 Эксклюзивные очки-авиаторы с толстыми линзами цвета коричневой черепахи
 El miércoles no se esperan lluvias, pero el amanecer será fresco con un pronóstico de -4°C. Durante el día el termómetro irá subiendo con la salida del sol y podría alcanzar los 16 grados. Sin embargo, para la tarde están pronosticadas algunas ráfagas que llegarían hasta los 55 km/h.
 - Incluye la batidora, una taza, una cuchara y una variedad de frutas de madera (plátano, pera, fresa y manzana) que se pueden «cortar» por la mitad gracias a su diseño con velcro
****************************************
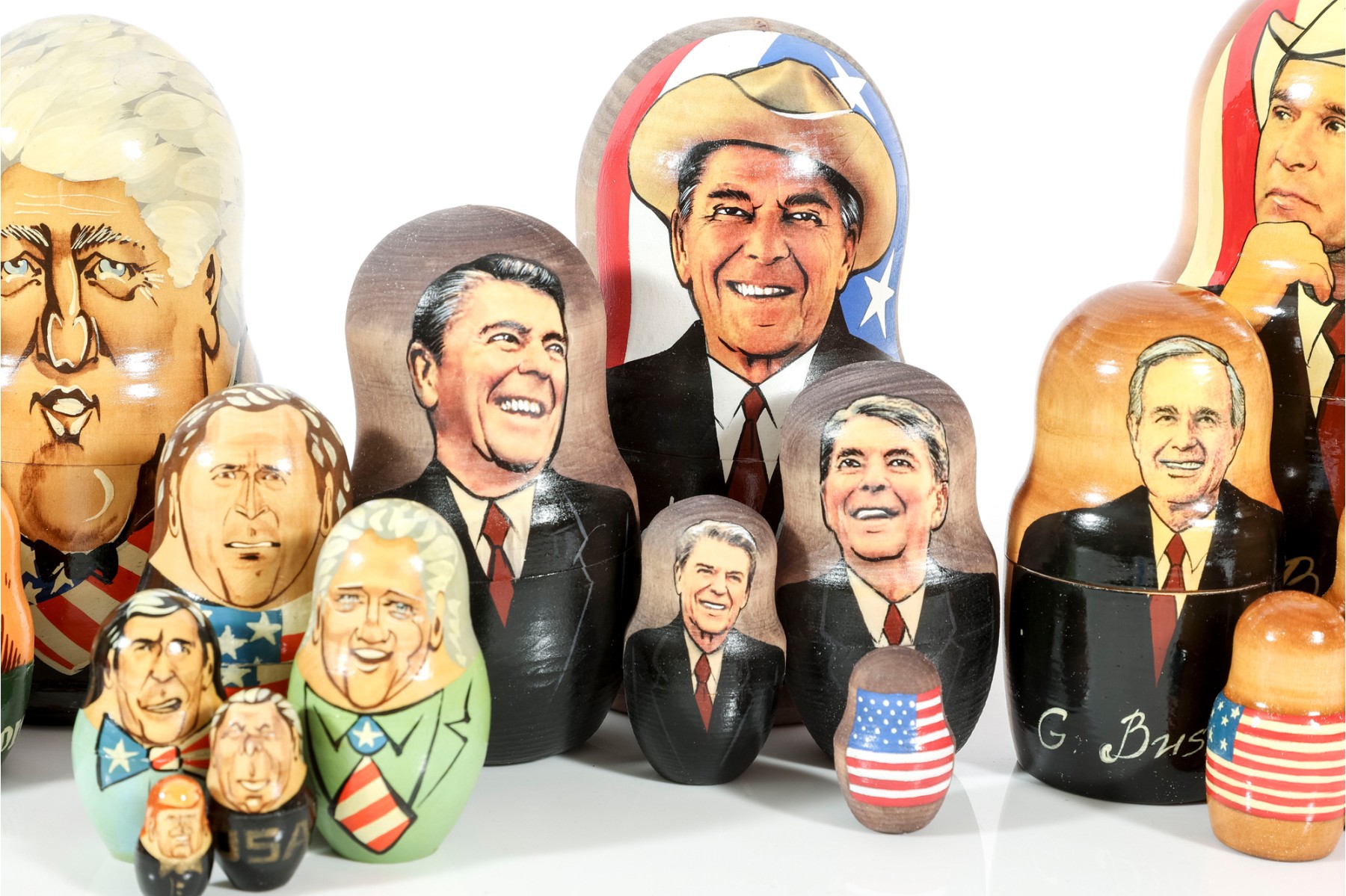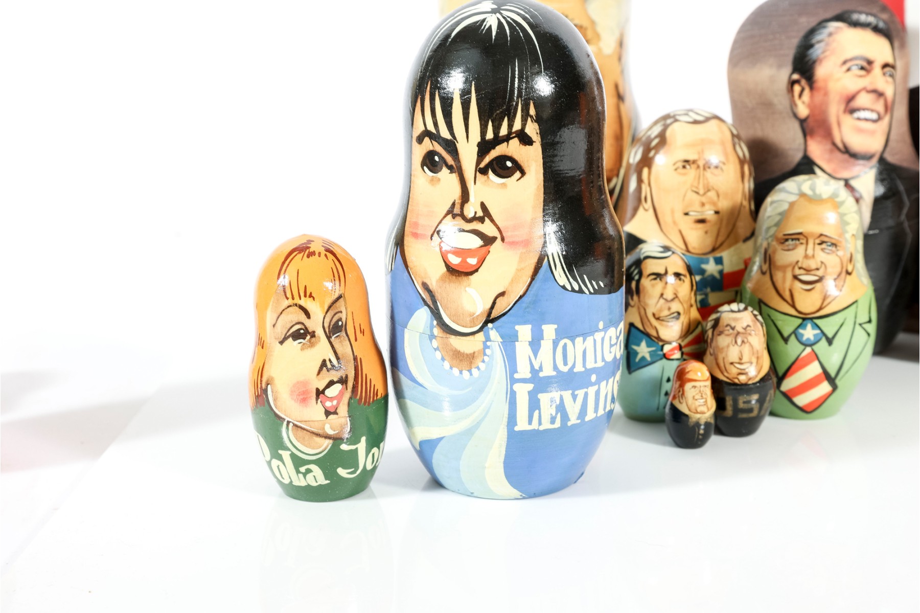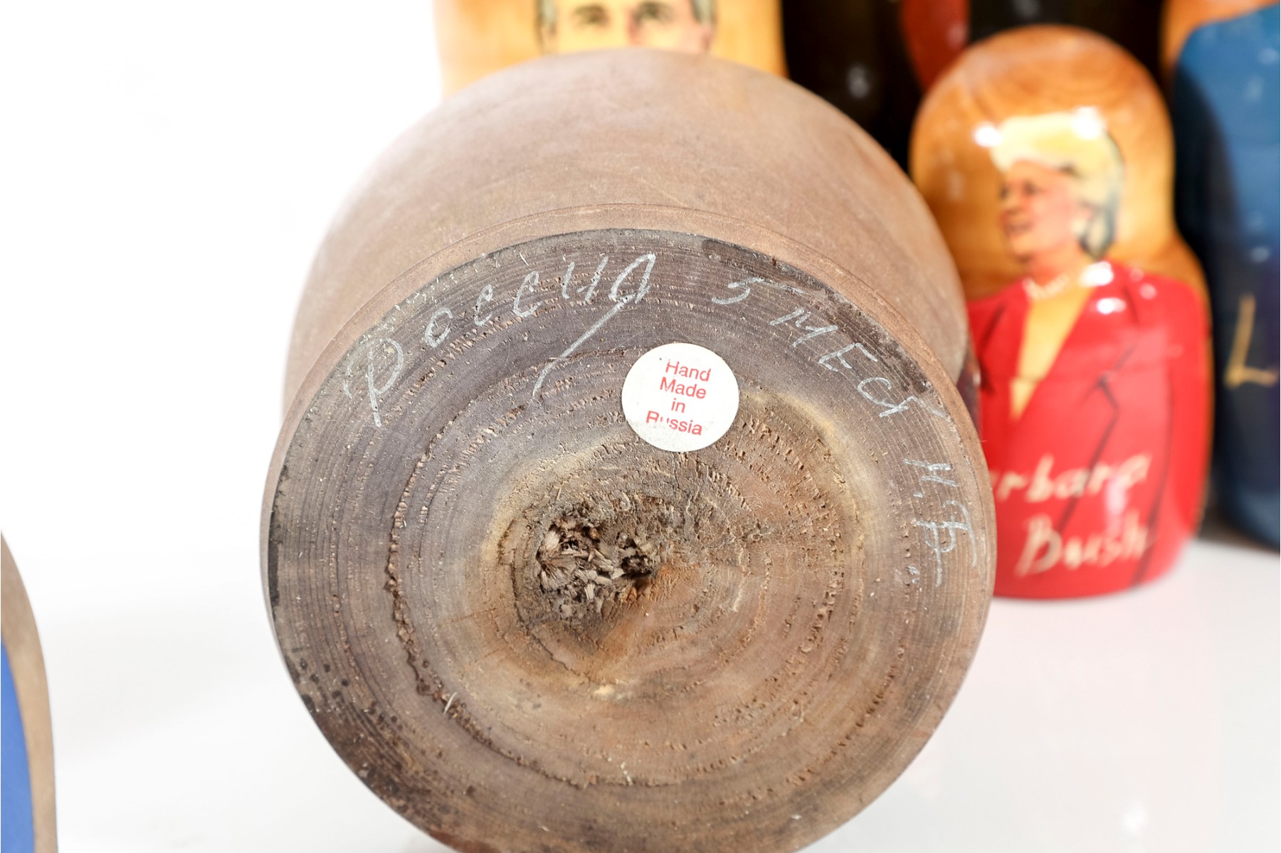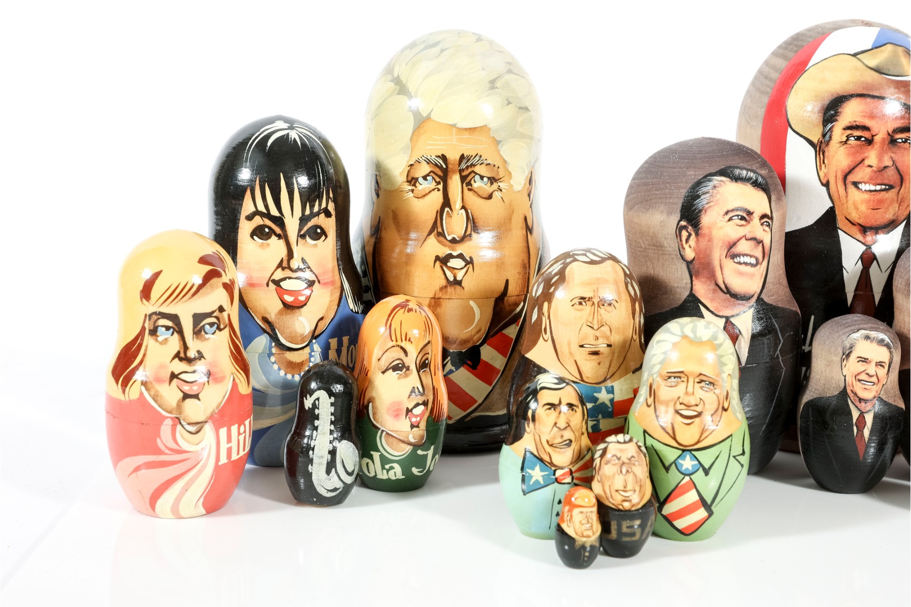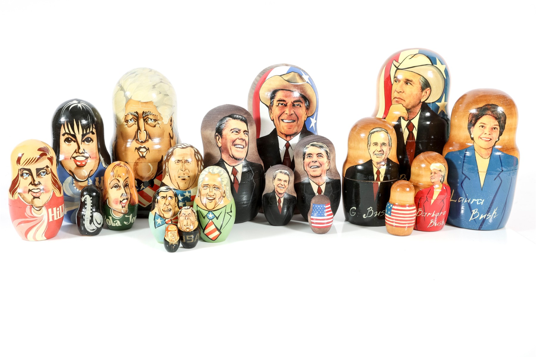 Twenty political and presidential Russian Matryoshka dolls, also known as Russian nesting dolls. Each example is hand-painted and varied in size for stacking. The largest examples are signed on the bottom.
****************************************
• **Exercise brief**: After locating the line with "El miércoles no" in the material above, return it and each line after it exactly, ending at the line with "- Incluye la".

• **Response**:
 El miércoles no se esperan lluvias, pero el amanecer será fresco con un pronóstico de -4°C. Durante el día el termómetro irá subiendo con la salida del sol y podría alcanzar los 16 grados. Sin embargo, para la tarde están pronosticadas algunas ráfagas que llegarían hasta los 55 km/h.
 - Incluye la batidora, una taza, una cuchara y una variedad de frutas de madera (plátano, pera, fresa y manzana) que se pueden «cortar» por la mitad gracias a su diseño con velcro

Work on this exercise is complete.